## Goal of the exercise
Transcribe the full listing without changing a word, and omit its pictures.
START Information provided
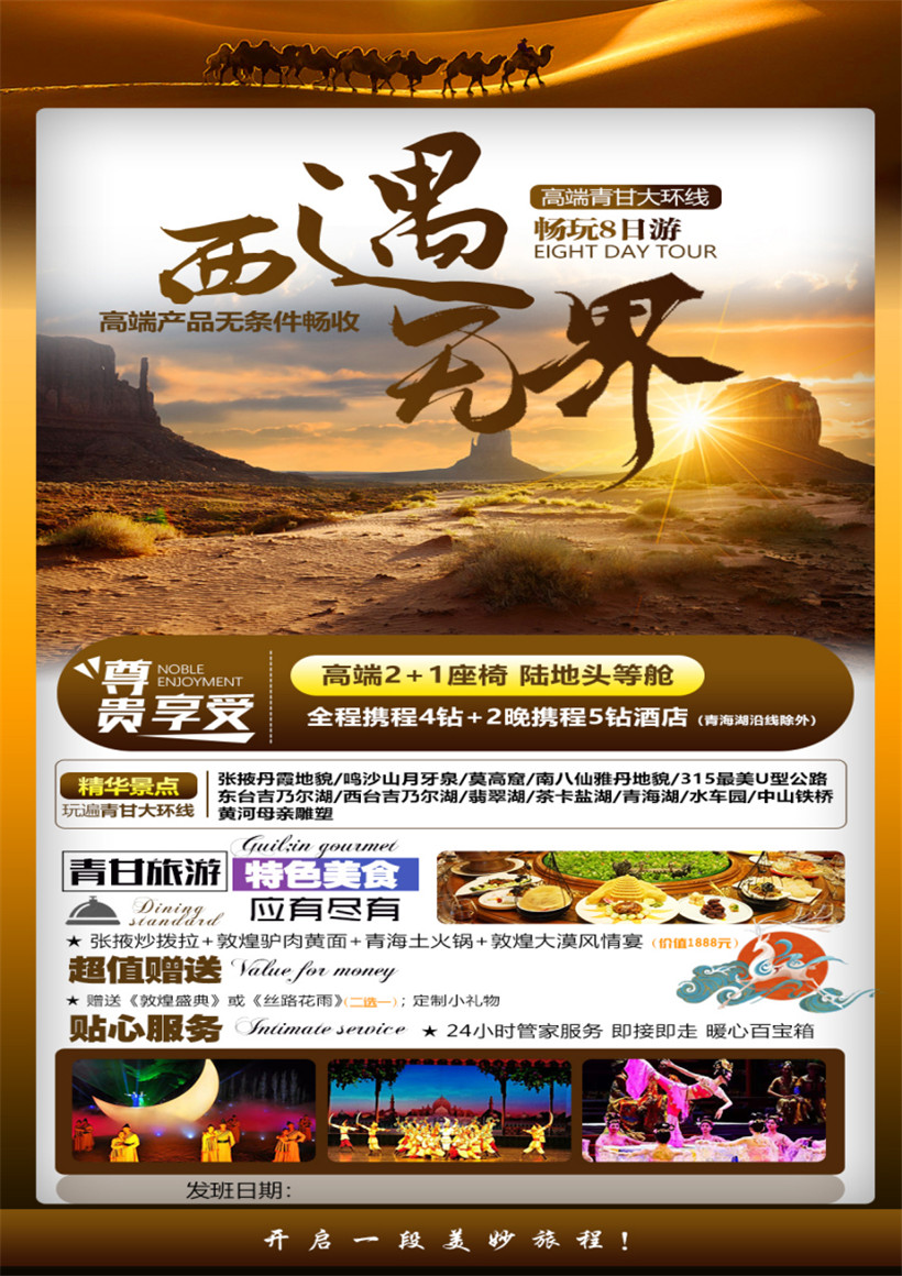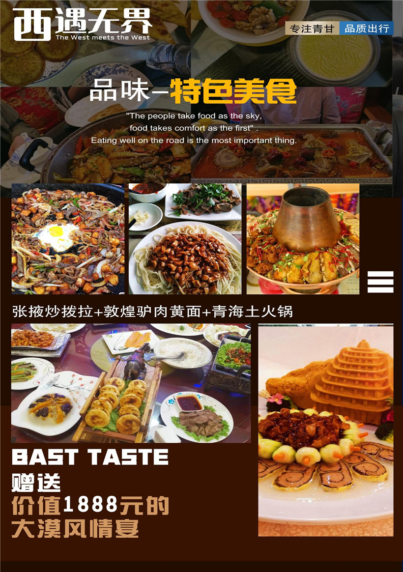 早餐后继续乘车前往国家历史文化名城,丝路明珠敦煌市。途中欣赏戈壁沙漠公路,感受西北的苍凉,辽阔。后乘车前往参观游览【莫高窟B类票】(含摆渡车,游览时长约3小时)它是致敬信仰的力量一种独特的艺术成就,也一种创造性的天才杰作。莫高窟由数百个不同功能的石窟组成庞大的石窟群及其戈壁沙漠中的绿洲环境是中国石窟建筑的杰出范例。面对绚丽多彩的敦煌壁画,情不自禁会被它的多样性的形式和丰富性的画面深深吸引,同时还会对以前的民间艺术家与工匠的创造性而为之感慨。在它的艺术创作中,最吸引人的就是它的色彩。敦煌莫高窟壁画历史与现状,带着犹如朝圣般的心情,我们爬上长长的栈道,在手电筒微弱的光线中,莫高窟1200多年积蓄的宝藏一一呈现在眼前。后乘车前往【鸣沙山月牙泉】(游览时长约2.5小时)月牙泉处于鸣沙山环抱之中,其形酷似一弯新月而得名。数千年来沙山环泉,泉映沙山,在沙山深谷中,“风夹沙而飞响,泉映月而无尘”。月牙泉有四奇:月牙之形千古如旧、恶境之地清流成泉、沙山之中不淹于沙、古潭老鱼食之不老。月牙泉有三宝:铁背鱼、五色沙、七星草,传说铁背鱼和七星草一起吃可以长生不老!游览结束后享用晚餐我社特别赠送【敦煌风情宴】莫高窟里面有45000平--方的米的壁画,有很多就是关于饮食的,在结和我们当地的物产,所以就有了大漠风情宴,大漠风情宴主要是有八道大菜组成:1、雪山驼掌 2、油爆驼峰 3、驴肉黄面 4、大漠风沙鸡 5、火烧羊排 6、清蒸红鳟鱼 7、风味牛肉 8、鸣山大枣(另外还有八个当地的时令凉菜,别外还有二个热菜)上到18个菜 要“发”的意思。
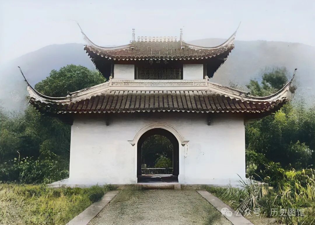 从照片中看,这是一处寺庙。看上去非常古朴。这就是30年代绍兴著名的大禹庙景象。大禹庙位于绍兴东南郊的会稽山,始建于南朝梁初,距今已有1400多年历史。
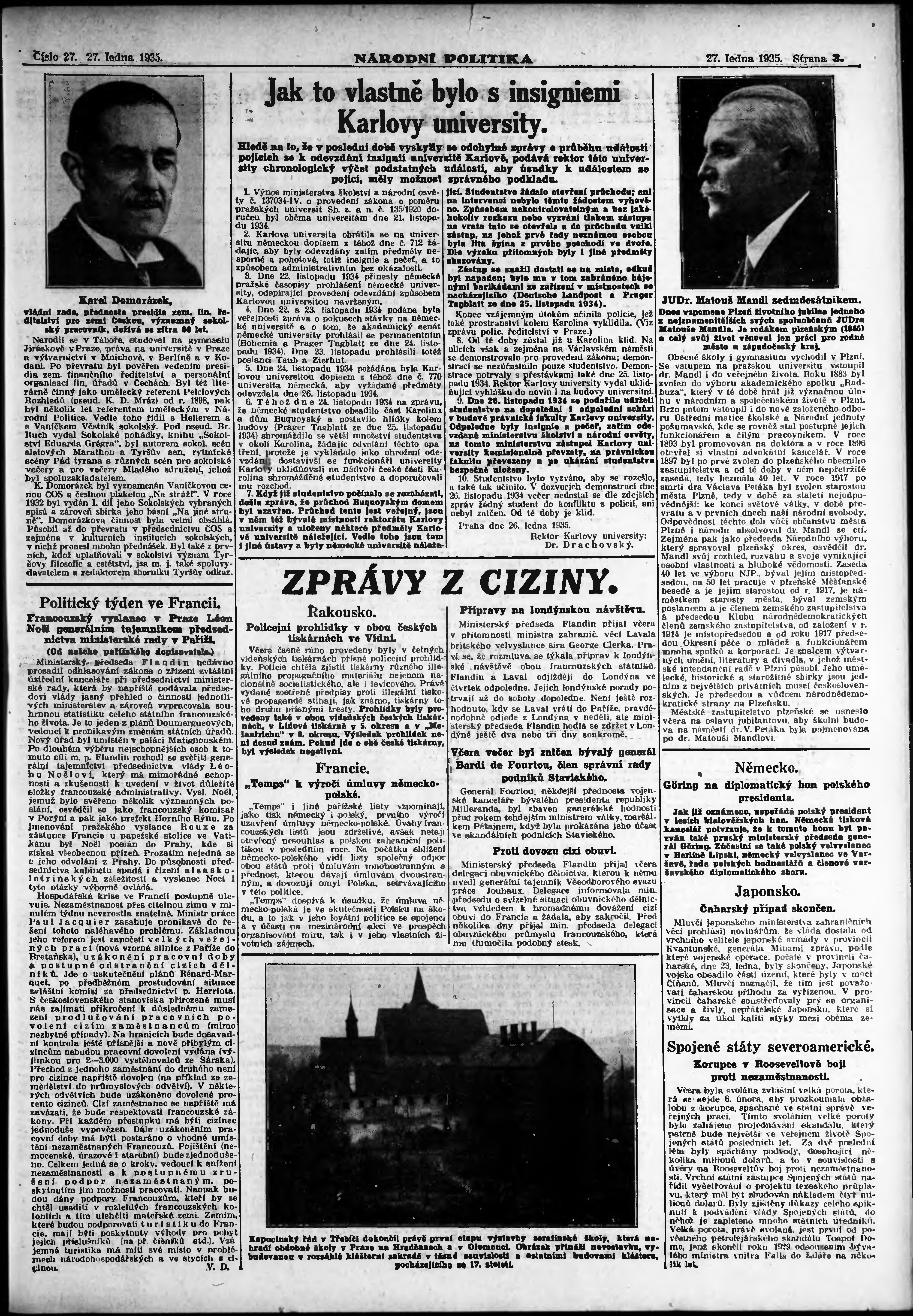 * Datum vydání výtisku: 27.1.1935 Číslo výtisku: 27 Poznámky k výtisku: ranní vydání;
END Information provided
## Result for this task
 早餐后继续乘车前往国家历史文化名城,丝路明珠敦煌市。途中欣赏戈壁沙漠公路,感受西北的苍凉,辽阔。后乘车前往参观游览【莫高窟B类票】(含摆渡车,游览时长约3小时)它是致敬信仰的力量一种独特的艺术成就,也一种创造性的天才杰作。莫高窟由数百个不同功能的石窟组成庞大的石窟群及其戈壁沙漠中的绿洲环境是中国石窟建筑的杰出范例。面对绚丽多彩的敦煌壁画,情不自禁会被它的多样性的形式和丰富性的画面深深吸引,同时还会对以前的民间艺术家与工匠的创造性而为之感慨。在它的艺术创作中,最吸引人的就是它的色彩。敦煌莫高窟壁画历史与现状,带着犹如朝圣般的心情,我们爬上长长的栈道,在手电筒微弱的光线中,莫高窟1200多年积蓄的宝藏一一呈现在眼前。后乘车前往【鸣沙山月牙泉】(游览时长约2.5小时)月牙泉处于鸣沙山环抱之中,其形酷似一弯新月而得名。数千年来沙山环泉,泉映沙山,在沙山深谷中,“风夹沙而飞响,泉映月而无尘”。月牙泉有四奇:月牙之形千古如旧、恶境之地清流成泉、沙山之中不淹于沙、古潭老鱼食之不老。月牙泉有三宝:铁背鱼、五色沙、七星草,传说铁背鱼和七星草一起吃可以长生不老!游览结束后享用晚餐我社特别赠送【敦煌风情宴】莫高窟里面有45000平--方的米的壁画,有很多就是关于饮食的,在结和我们当地的物产,所以就有了大漠风情宴,大漠风情宴主要是有八道大菜组成:1、雪山驼掌 2、油爆驼峰 3、驴肉黄面 4、大漠风沙鸡 5、火烧羊排 6、清蒸红鳟鱼 7、风味牛肉 8、鸣山大枣(另外还有八个当地的时令凉菜,别外还有二个热菜)上到18个菜 要“发”的意思。
 从照片中看,这是一处寺庙。看上去非常古朴。这就是30年代绍兴著名的大禹庙景象。大禹庙位于绍兴东南郊的会稽山,始建于南朝梁初,距今已有1400多年历史。
 * Datum vydání výtisku: 27.1.1935 Číslo výtisku: 27 Poznámky k výtisku: ranní vydání;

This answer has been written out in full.